4. The method of claim 1, wherein the method of controlling the elevation of a desktop based on the estimation of the facial pose image,

the main body of the attitude estimation module is composed of an asymmetric encoder module and a decoder module, and a mask self-encoder framework is used;

wherein the encoder module and the decoder module both use swin transformers and the decoder module uses fully-connected layers.

5. The method of claim 4, further comprising: the attitude estimation module training method specifically comprises the following steps:

inputting a two-dimensional coordinate point thermodynamic diagram, deleting some thermodynamic diagram areas by adopting a random shielding mode, inputting the reserved thermodynamic diagram into the mask self-encoder, obtaining a restored thermodynamic diagram image by coding and decoding the mask self-encoder, and obtaining a two-dimensional coordinate of a key point from the restored thermodynamic diagram image.

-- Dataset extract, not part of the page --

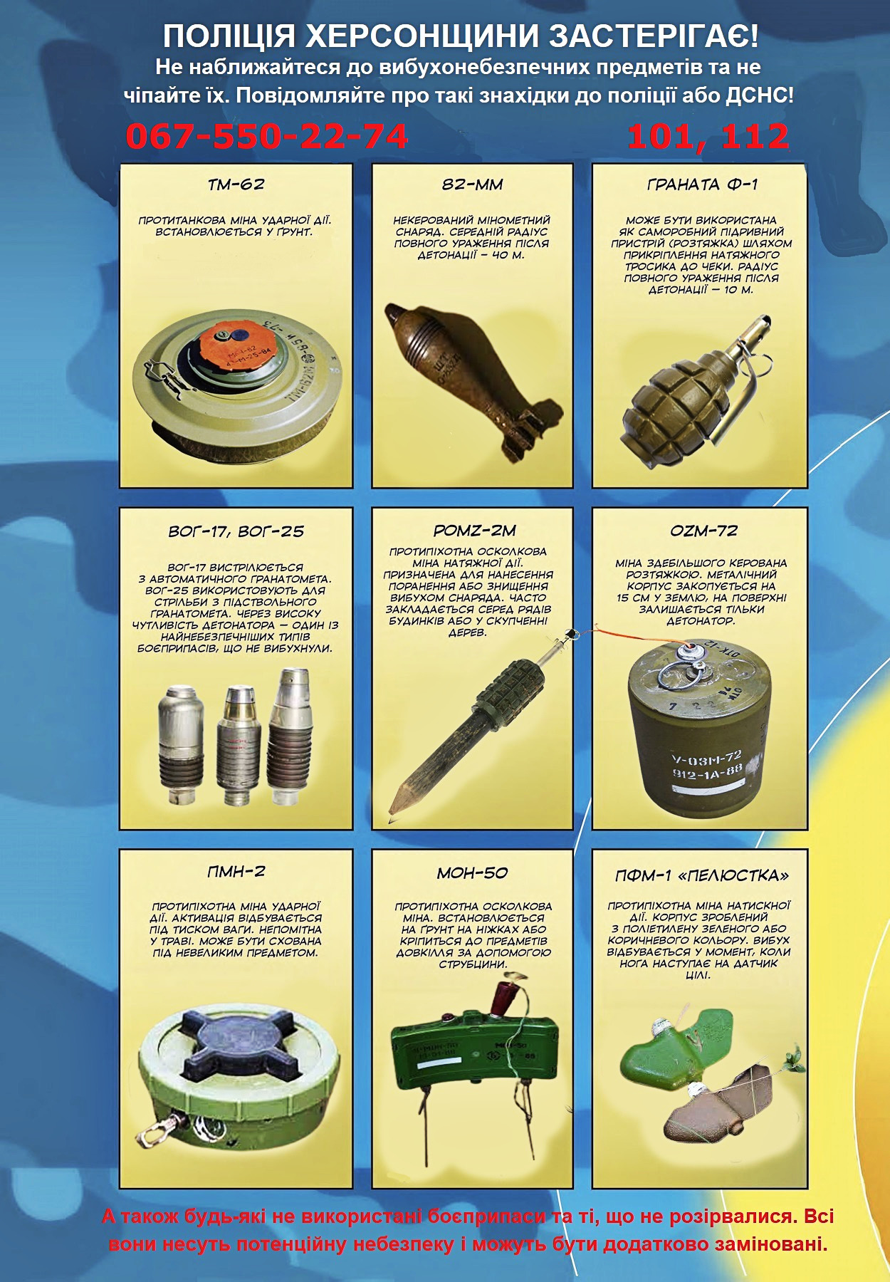 На світлині уважно ознайомтеся із зовнішнім виглядом та технічними характеристиками вибухонебезпечних предметів. У разі виявлення подібних звертайтеся за телефоном чергової частини поліції Херсонської області 067-550-22-74 або телефонуйте на «101» та на єдиний номер телефону «112» для надання екстреної допомоги. Також поліція просить небайдужих громадян повідомляти наявну інформацію про осіб, які незаконно зберігають зброю, боєприпаси та вибухові речовини. Анонімність гарантується.

6. The method of claim 1, wherein the method of controlling the elevation of a desktop based on the estimation of the facial pose image,

the desktop state includes: the height of the table top and the inclination angle of the table top.

7. The method of claim 6, wherein the image of the face pose is estimated based on the image of the face pose,

a motor control driving circuit and an electric push rod are arranged below the tabletop, and the motor control driving circuit and the electric push rod are connected with the control end;

the control end controls the motor to control the driving circuit and the electric push rod to control the height and the inclination angle of the table top.